#### Task requirements
Return the following lines and nothing else: the one holding "Snygg mörkgrå kabelstickad" and all those after it in the records below, unchanged, minus any pictures.

□ □ □ □ □

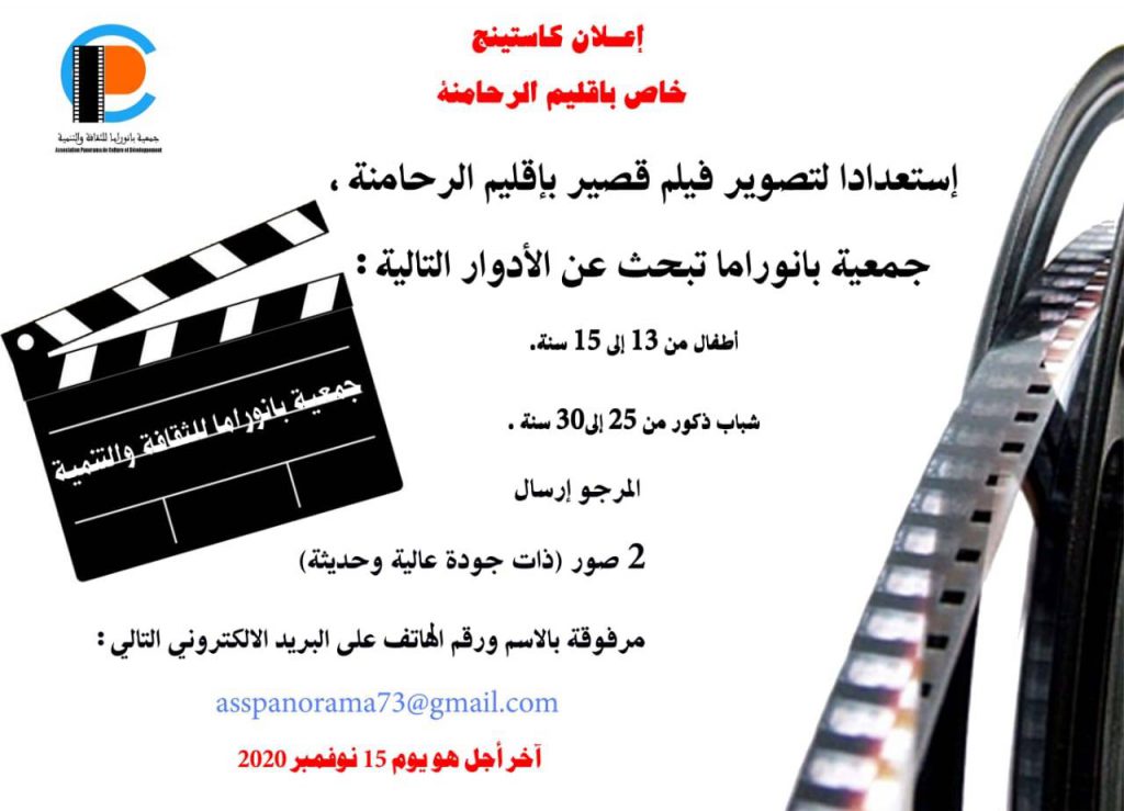 جمعية بانوراما تبحث عن ممثلين استعدادا لتصوير فيلم قصير بواسطة هيئة التحرير في 9 نوفمبر, 2020 0 شارك FacebookTwitterWhatsAppالبريد الإلكترونيLinkedinTelegramطباعة احصل على تحديثات في الوقت الفعلي مباشرة على جهازك ، اشترك الآن. الاشتراك 0 شارك FacebookTwitterWhatsAppالبريد الإلكترونيLinkedinTelegramطباعة
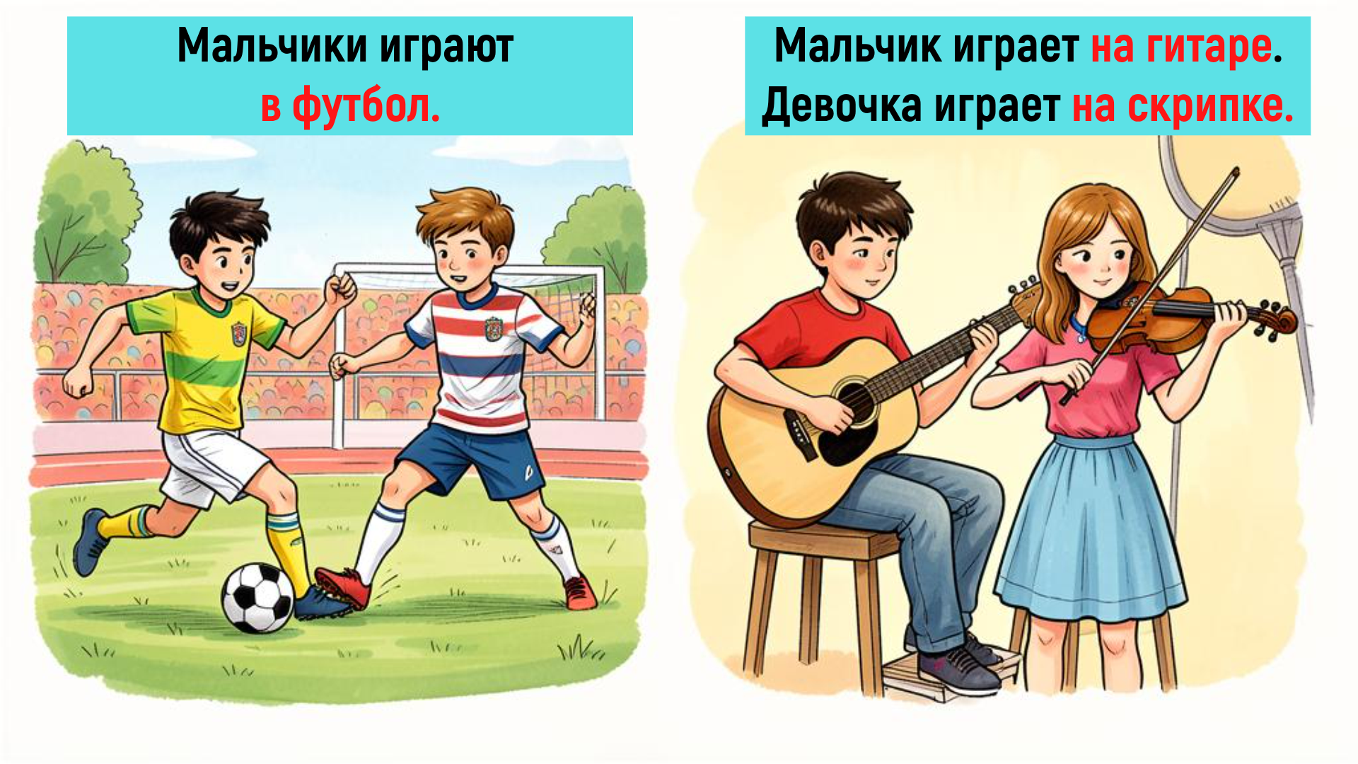 - Примеры: играть на гитаре, играть на пианино, играть на флейте.
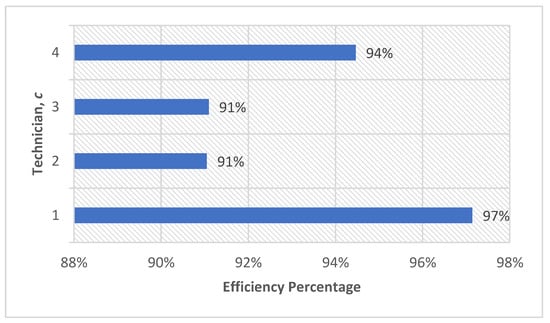 From Table 14, the total idle and overtime (hours) over 12 days were 9.56 and 8.34 h, respectively. In Table 15, the total cost incurred due to executing 47 service orders with 140 tasks from seven different types was $930.60. Moreover, no delay time incurred during sequencing the facility services. The efficiency for all technicians over a 12-day period was illustrated in Figure 14.
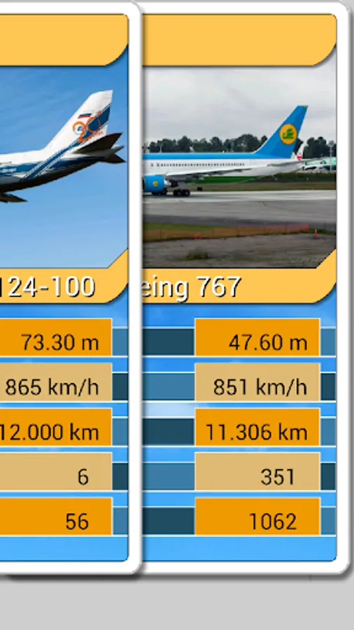 Airplanes-Quartet is a super-trump/top trumps/mega-trump quartet card game. It consists of 32 cards, each has 5 attributes:
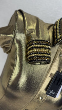 This gorgeous shirt packs a punch! The rich metallic Gold/Black Melted Metals Stretch Spandex is super versatile and and comfortable. The cuff and collar are dripping in coordinating crystals. Color matched, monochromatic faux buttons on the placket, cover an easy on/off hidden front zipper.
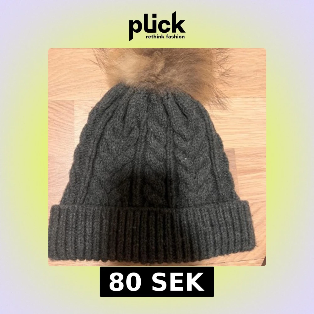 Snygg mörkgrå kabelstickad mössa från Sense med bred ribbad kant och en fluffig brun pälsboll på toppen. Perfekt för kalla dagar, mössan är gjord i mjuk ull och har ett trendigt flätmönster som ger extra stilpoäng.
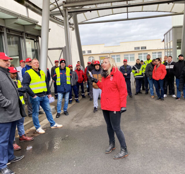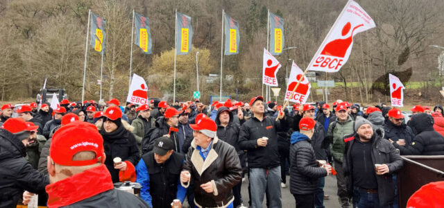 An zahlreichen Standorten haben die Beschäftigten in der Kautschukindustrie vor dem Tarifabschluss am 28. Februar auf ihre Situation aufmerksam gemacht. Aktionen gab es unter anderem bei Pirelli in Breuberg (oben), bei Veritas in Gelnhausen (Mitte) sowie bei Goodyear in Hanau (unten) und in Fulda.

□ □ □ □ □

#### Answer to this problem
 Snygg mörkgrå kabelstickad mössa från Sense med bred ribbad kant och en fluffig brun pälsboll på toppen. Perfekt för kalla dagar, mössan är gjord i mjuk ull och har ett trendigt flätmönster som ger extra stilpoäng.
 An zahlreichen Standorten haben die Beschäftigten in der Kautschukindustrie vor dem Tarifabschluss am 28. Februar auf ihre Situation aufmerksam gemacht. Aktionen gab es unter anderem bei Pirelli in Breuberg (oben), bei Veritas in Gelnhausen (Mitte) sowie bei Goodyear in Hanau (unten) und in Fulda.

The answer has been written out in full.